Two of the most frequent criticisms of social media hinge on the quality and quantity of information people disclosure through blogs, Twitter, Facebook and other social tools:
- Why does s/he think anyone cares? Asked about people who blog their latest meal, tweet their random observations, check in on FourSquare, or share other pieces of information that would certainly fail to meet the New York Times standard of newsworthiness.
- Why would s/he share that? Asked about people who blog about their mental health challenges, tweet about their sex lives, Facebook pictures of themselves half-naked, or share other pieces of information online that many people would choose to keep secret or private offline.
Underlying both of these questions is a seldom examined but widely held understanding about the relationship between disclosure and trust.
In offline culture, disclosure is both a creator and a signifier of trust. If I tell you about a difficult childhood experience, a sexual predilection, or a professional insecurity, my decision to share that secret with you implies (usually accurately) that I trust you. It’s a statement of faith in you personally: I’m showing that I regard you as a person who is capable of discretion, and as someone with something to offer that makes the risk of disclosure worthwhile — for example, sage advice about a work dilemma, or kindness and empathy for a personal trauma. It’s also a statement of faith in our relationship: I believe our friendship (or collegial relationship) is strong enough, and valued enough by you, that in constitutes at least as semi-private space in which information or emotion can be shared with an expectation that it will not travel further.
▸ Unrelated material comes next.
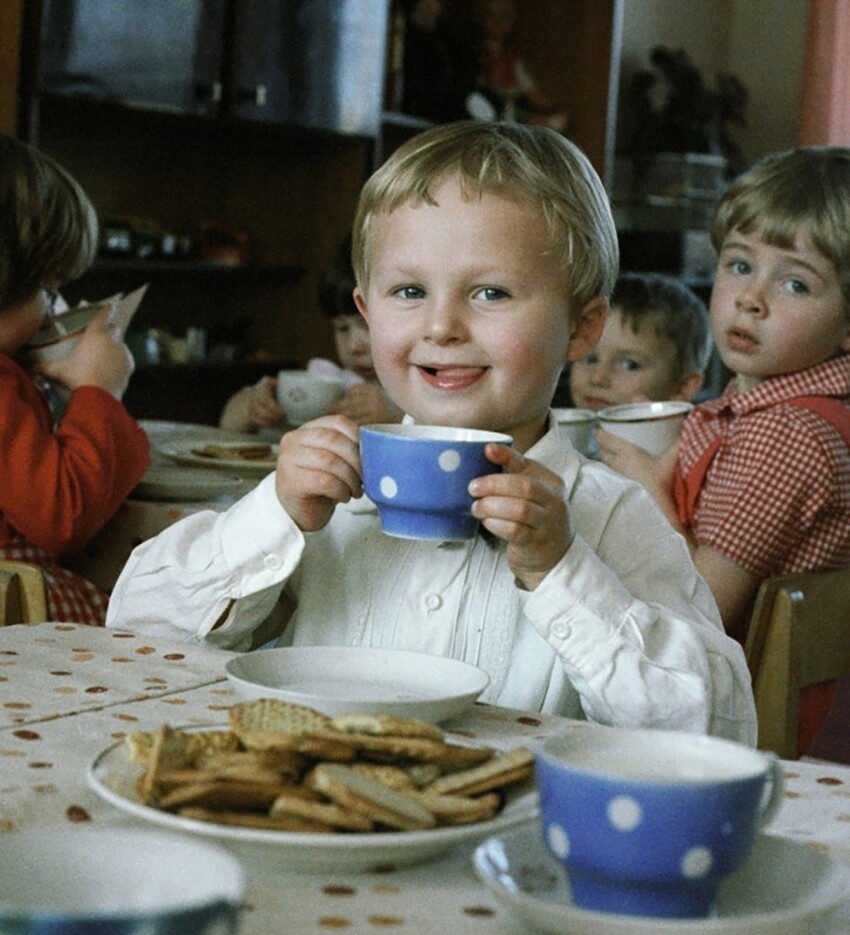 A pupil of the kindergarten of the collective farm. Lenina has an afternoon snack in the dining room, 1982

If disclosure is thus an expression of trust, it is also a creator of trust. When I trust you with a secret or a confidence, you may be more likely to trust me — if only because we are now in a situation of shared vulnerability. When I tell you something I wouldn’t tell someone else, I put you in an inner circle and create a sense of intimacy that allow further trust and intimacy to develop. It is the very fact that others are excluded — that my act of disclosure is particular to you — that makes the disclosure meaningful, expressive of trust, and trust-building.
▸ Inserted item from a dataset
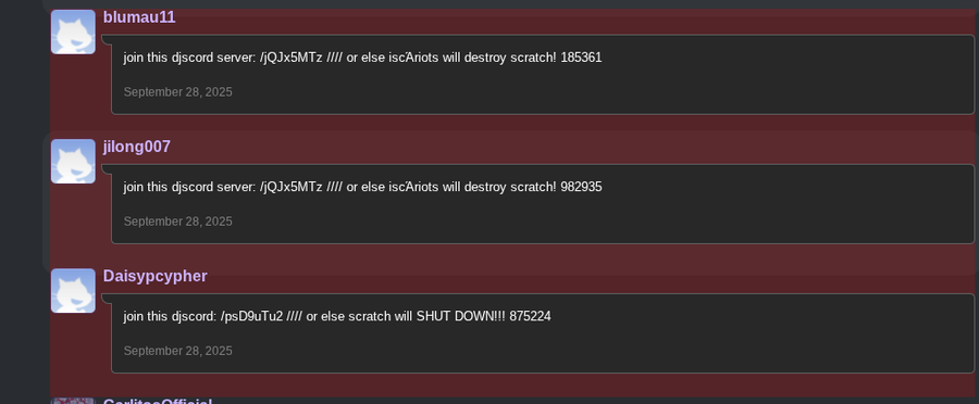 for some reason theres bot on my scratch account now (red bc i reported)

Offline, anyhow. Online, it becomes much more murky. If I place you in a Facebook lists that gives you privileged access to stories or images I share with only a dozen other people, you may not know it — in fact, you’re likely to think that I shared that picture of my kid or that complaint about my period with the entire world. Even Google+, which distinguishes itself by making it easy to share different kinds of content with different “circles”, doesn’t make it obvious which circle a given update has been shared with, let alone how big that circle might be. If I’ve read a post because my friend has shared it with her “Extended Circles”, I don’t know which circles that includes, or who was in them (and interestingly, most people I follow on Google+ seem to post most things publicly).
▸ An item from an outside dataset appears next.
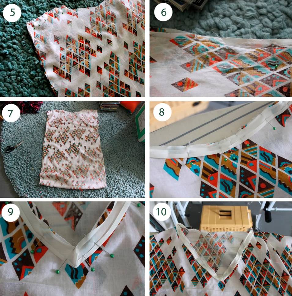 - самый легкий вариант — туника без выкройки, которая шьется просто из платков.

The opacity of online disclosure, in which it is frequently hard or impossible to see how widely a given piece of content is shared, seems to lead us to the assumption that anything we see online has been shared publicly, unless we specifically know otherwise. As a result, the disclosures we see online have very limited capacity to reflect or create trust: if you’re showing this picture to everyone in the world, or sharing this comment with everyone in our school or office, your disclosure in no way expresses faith in me or in our relationship. At best, it expresses faith in your network’s privacy settings, or its capacity to offer you a permanent “delete” option.
There are a handful of networks and tools that do create a greater sense of selectiveness among and between users. Path is based around the idea of limiting your network to 50 people — what an expression of trust, to know that someone has put you in that 50. Private Twitter accounts, in which you have to be personally approved before someone lets you read their updates, again impose a clear trust test: do I trust you enough to let you read my updates? But in most networks, it’s easier to communicate a lack of trust than an extension of trust: if I fail to accept your Facebook friend request, TripIt connection request or LinkedIn connection request, you may infer it’s a lack of trust.
How can we share in a way that communicates a sense of trust? Well, one tech option comes from Google+ points an interesting way forward: if you share a post with only one circle, people in that circle see it as “limited”, and can tell who else made the cut to see this particularly detail. Ooh! Aah! you can think, as you read the details of your BFF’s latest date. Aren’t I lucky she shared that with me?
Or maybe not. After all, even a post shared with a limited circle of contacts is still shared with that all-seeing, all-knowing Eyes of Google. (Even more crucially, with the all-archiving database of Google.) How much could it mean for your friend to share a secret with you if she’s prepared to trust it to the Internets?
No wonder that we’re so deeply suspicious of online disclosure, then. All that rampant posting deprives us of a valued mechanisms for creating and expressing trust. In a world where people apparently share secrets freely, secrets lose their value as social glue.